TASK TO CARRY OUT: Below are records with pictures. Reproduce exactly the lines from the line with "December and January" to the line with "Place this rug", inclusive, and leave each picture out.

INFORMATION SHOWN:
..............................

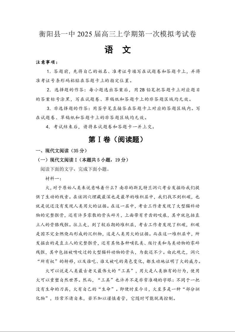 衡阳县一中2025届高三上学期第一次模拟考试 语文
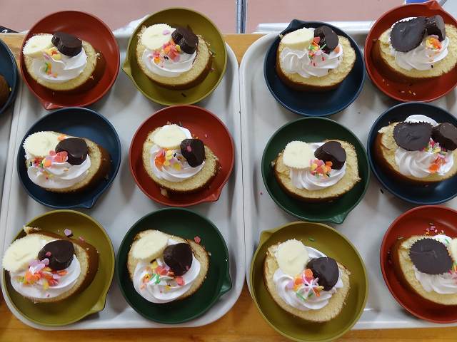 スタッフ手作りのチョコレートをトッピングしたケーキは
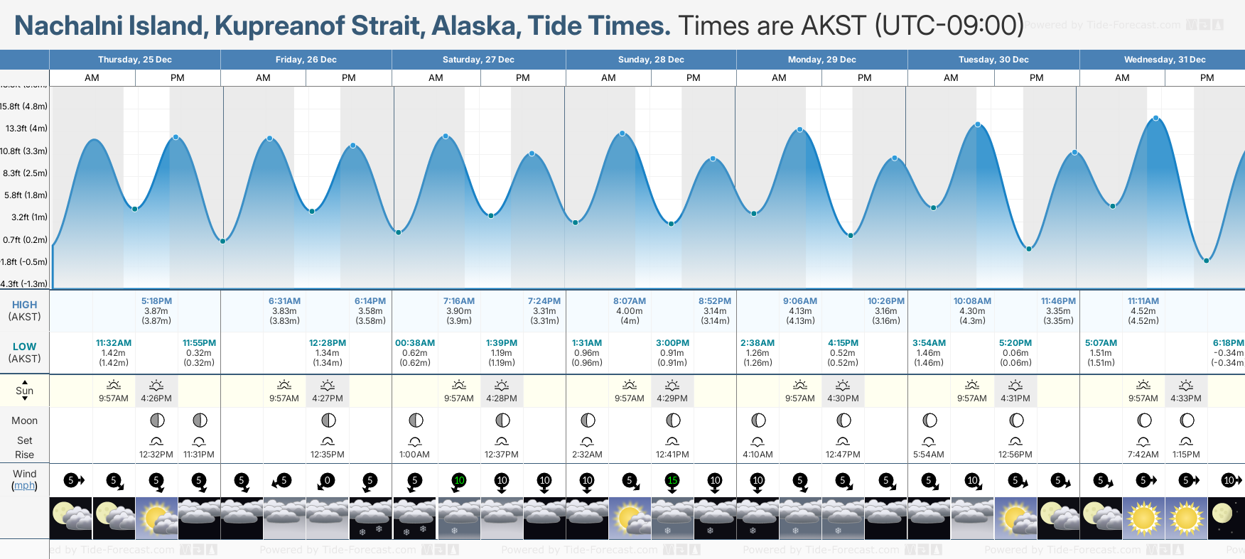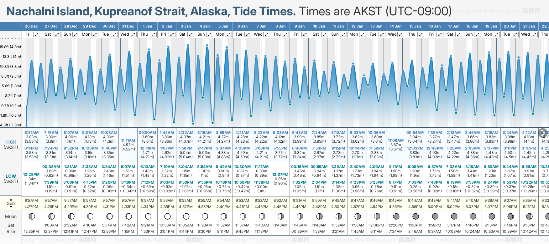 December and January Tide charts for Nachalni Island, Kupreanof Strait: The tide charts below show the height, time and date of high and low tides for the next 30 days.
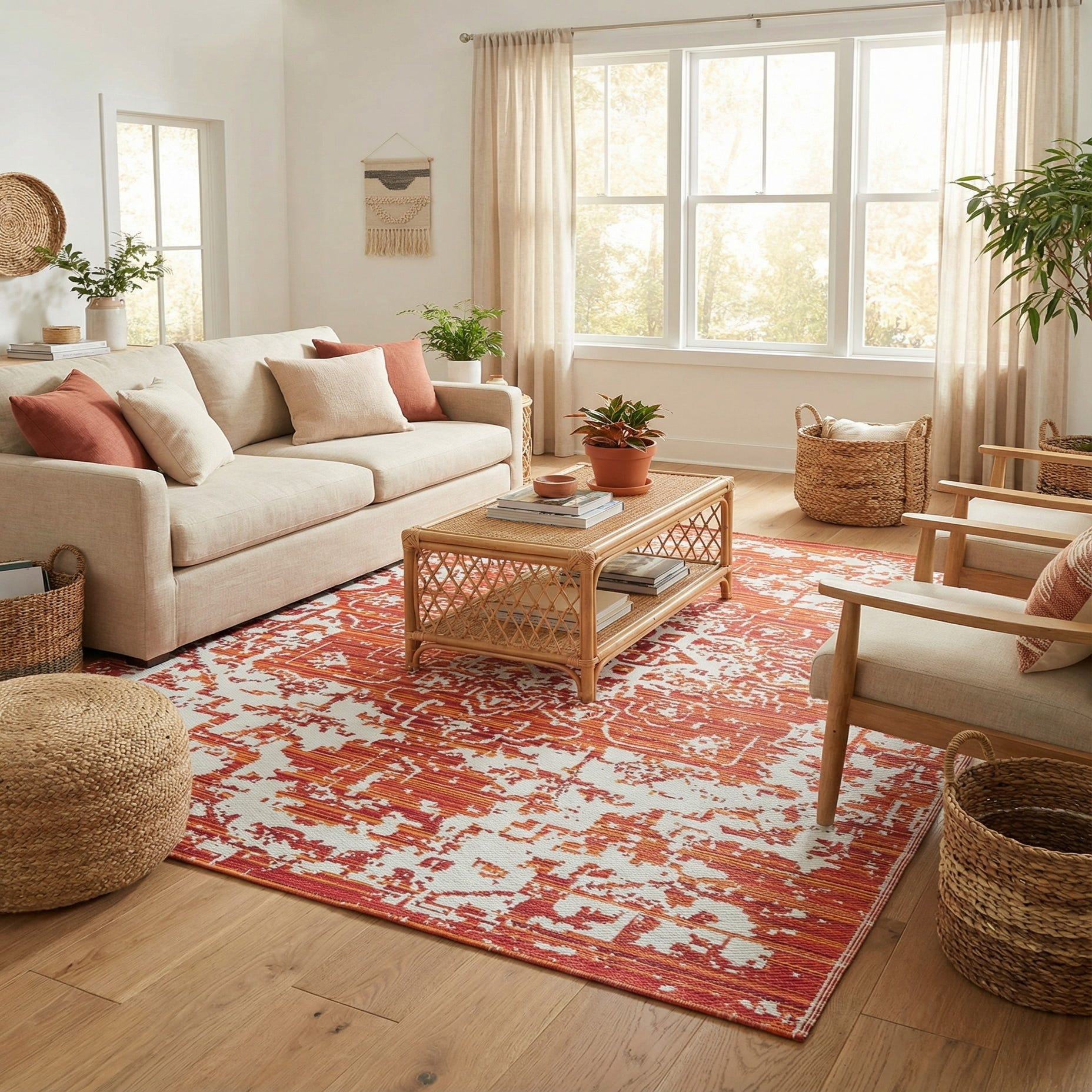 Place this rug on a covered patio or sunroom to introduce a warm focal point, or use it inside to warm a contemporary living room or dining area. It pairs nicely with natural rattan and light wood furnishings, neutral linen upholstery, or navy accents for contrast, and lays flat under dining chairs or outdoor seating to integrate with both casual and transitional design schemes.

..............................

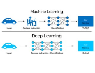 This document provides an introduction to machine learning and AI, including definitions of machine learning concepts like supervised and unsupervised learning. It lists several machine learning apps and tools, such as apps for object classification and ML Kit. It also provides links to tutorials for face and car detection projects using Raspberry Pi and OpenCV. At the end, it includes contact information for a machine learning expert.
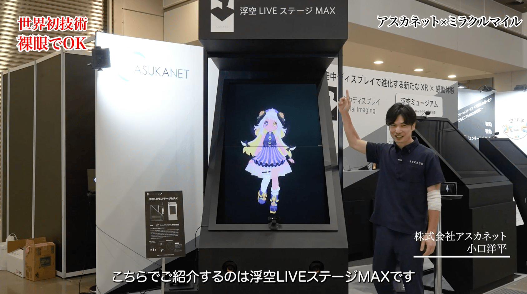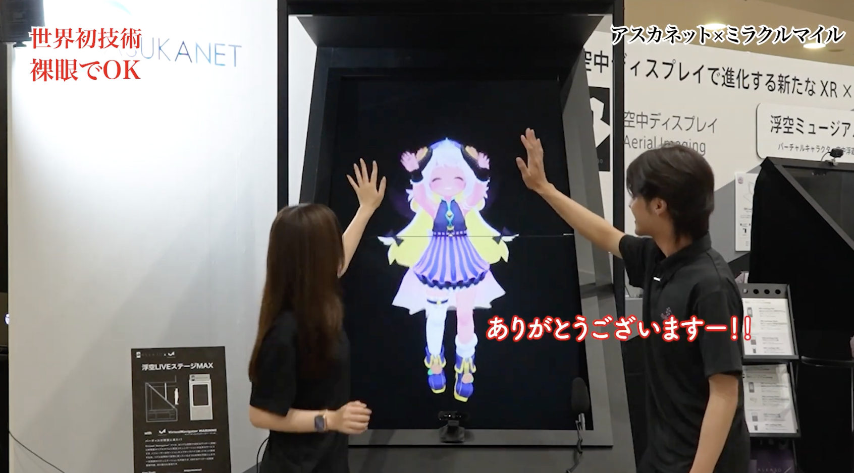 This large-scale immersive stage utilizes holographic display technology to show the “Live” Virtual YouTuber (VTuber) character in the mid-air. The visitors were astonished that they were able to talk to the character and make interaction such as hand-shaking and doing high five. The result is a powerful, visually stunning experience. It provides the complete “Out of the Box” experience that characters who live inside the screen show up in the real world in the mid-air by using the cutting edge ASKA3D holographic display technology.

..............................

WRITTEN SOLUTION:
 December and January Tide charts for Nachalni Island, Kupreanof Strait: The tide charts below show the height, time and date of high and low tides for the next 30 days.
 Place this rug on a covered patio or sunroom to introduce a warm focal point, or use it inside to warm a contemporary living room or dining area. It pairs nicely with natural rattan and light wood furnishings, neutral linen upholstery, or navy accents for contrast, and lays flat under dining chairs or outdoor seating to integrate with both casual and transitional design schemes.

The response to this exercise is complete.